Którym grzechy odpuścicie są im odpuszczone (J 20,23)

 

            Rozpoczynając omawianie sakramentu pokuty należy w pierwszym rzędzie zwrócić uwagę na to, że sakrament ten jest pierwszym darem Chrystusa Zmartwychwstałego. Jego ustanowienie następuje w momencie pierwszego spotkania Chrystusa z Apostołami w Wieczerniku, po fakcie zmartwychwstania. Wieczorem owego pierwszego dnia tygodnia, tam gdzie przebywali uczniowie, gdy drzwi były zamknięte z obawy przed Żydami, przyszedł Jezus, stanął pośrodku i rzekł do nich: Pokój wam! A to powiedziawszy, pokazał im ręce i bok. Uradowali się zatem uczniowie ujrzawszy Pana. A Jezus znowu rzekł do nich: Pokój wam! Jak Ojciec Mnie posłał, tak i Ja was posyłam. Po tych słowach tchnął na nich i powiedział im: Weźmijcie Ducha Świętego! Którym odpuścicie grzechy, są im odpuszczone, a którym zatrzymacie, są im zatrzymane (J 20,19-23).

            W przytoczonym powyżej tekście św. Jana, Sobór Trydencki (1545-1563) upatruje szczególne znaczenie dla ustanowienia Sakramentu pokuty. Misja odpuszczania grzechów jest udzielona nie całemu Kościołowi, ale Kościołowi hierarchicznemu – Apostołom, a przez nich ich następcom biskupom i kapłanom. Odpuszczenie dotyczy grzechów popełnionych po chrzcie. Władza, jaką otrzymali Apostołowie i ich następcy oznacza, że działają oni mocą Chrystusa, z Jego upoważnienia, a nie sami od siebie, ponieważ jest to akt przekraczający ludzkie siły. Tylko Bóg może odpuszczać grzechy.

            Dlatego dogmatem wiary jest, że Kościół ma władzę odpuszczania grzechów popełnionych po chrzcie (BF VII, 468), oraz że ta władza została udzielona przez Chrystusa, zgodnie z tekstem J 20,23 tak, jak on był rozumiany w świetle Tradycji (BF VII, 468)

            Jednak sam temat pokuty i nawrócenia podjął Chrystusa w Ewangeliach już znacznie wcześniej. Nawołując do przemiany życia nie pragnął On nieustannie przypominać człowiekowi popełniony grzech, jego wielkość i ciężar. Jezus pragnie raczej, aby grzesznik uświadomił sobie swoje ubóstwo względem Boga i Jego Miłości oraz konieczność otrzymania od Niego wszystkiego.

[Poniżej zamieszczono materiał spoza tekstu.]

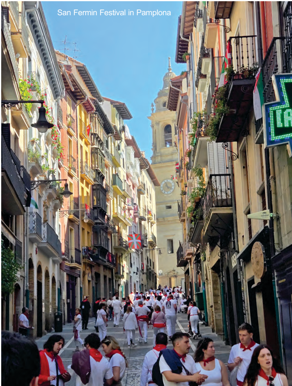
San Fermin Festival in Pamplona

The first stop at Viscofan was to their production facility in Cáseda, Navarra. It is a massive facility where they produce meat casing for both the European and American markets. They had on hand a chef that specialized in sausage preparation and we were able to sample some products prior to receiving a presentation on worldwide business and that specific plant. After an informative presentation and a discussion about the company and that facility, we were able to tour the plant where Viscofan manufactures meat casings made of fibrous, plastic, cellulose and collagen for customers around the world. We viewed extensive improvements in the plant to increase energy efficiency and to improve water quality. The stated goal is to make that facility net neutral with its carbon

Beze Mnie nic nie możecie uczynić (J 15,5). Postawa ubóstwa, całkowitej zależności od Boga jest wymagana, by mogła rozwinąć się wiara. Jest to wiara w Chrystusa, którego Bóg posłał wraz ze swoją przebaczającą miłością. Jednak Jezus, jak to widzimy w Ewangeliach, nie zadawala się tylko przebaczaniem grzechów. Z grzeszników i tych, którzy Żydzi uważali za nieczystych, wyrzuconych poza margines społeczeństwa czyni On swoich przyjaciół i towarzyszy posiłków.

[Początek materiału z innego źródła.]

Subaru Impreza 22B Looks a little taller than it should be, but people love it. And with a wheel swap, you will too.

            W Ewangeliach temat nawrócenia i pokuty jest jak gdyby wstępem, warunkiem koniecznym do uzyskania miłosierdzia od przebaczającego Boga. Nawrócić się, to nie tylko przestrzegać prawo, ale przede wszystkim pójść za Chrystusem i robić wszystko, by wola Boża była lepiej znana wśród ludzi. Tak było w przypadku Lewiego. Chrystus powołuje grzesznika, zdziercę i oszusta, nie tylko odpuszcza mu grzechy, ale mówi mu: Pójdź za Mną (Mt 9,9-13). Na tym przykładzie najlepiej widać proces nawrócenia, jaki dokonuje się w człowieku, który porzuca dotychczasowe, wygodne życie, porzuca grzech i idzie za Chrystusem z radością nawróconego i świadczy swoim życiem o darze, jaki otrzymał.

            Kościół już od samego początku swojego istnienia znał i odczuwał potrzebę sprawowania sakramentu pokuty. Jego forma była różna. Początkowo obrzęd sakramentu pokuty pozostawał w ściślej łączności z Eucharystią i odmawianą podczas jej sprawowania modlitwą „Ojcze nasz”. Modlitwę Pańską odmawiano, tak jak i dziś, tuż przed Komunią św. By się zjednoczyć z Bogiem i ze swoimi braćmi i siostrami w Chrystusie, chrześcijanin musiał najpierw sam się nawrócić, przebaczyć swoim winowajcom i pokornie wyznać swój grzech. Kto bowiem pragnie zbliżyć się do Boga nie może jak ewangeliczny faryzeusz chwalić się i chełpić swoimi dobrymi (w jego mniemaniu) uczynkami, ale pokornie, jak celnik stojący z dala od ołtarza prosić Boże mniej litość dla mnie grzesznika (Łk 18,13). To właśnie pokora jest warunkiem i pierwszym stopniem metanoi – nawrócenia. Jezus wymaga od tych, którzy pragną się nawrócić pokory i wiary w Jego misję. Niezwykle ważną rzeczą, wręcz niezbędną jest poznać swoją słabość i powierzyć się bez reszty, całkowicie Temu, który jest przebaczającą Miłością.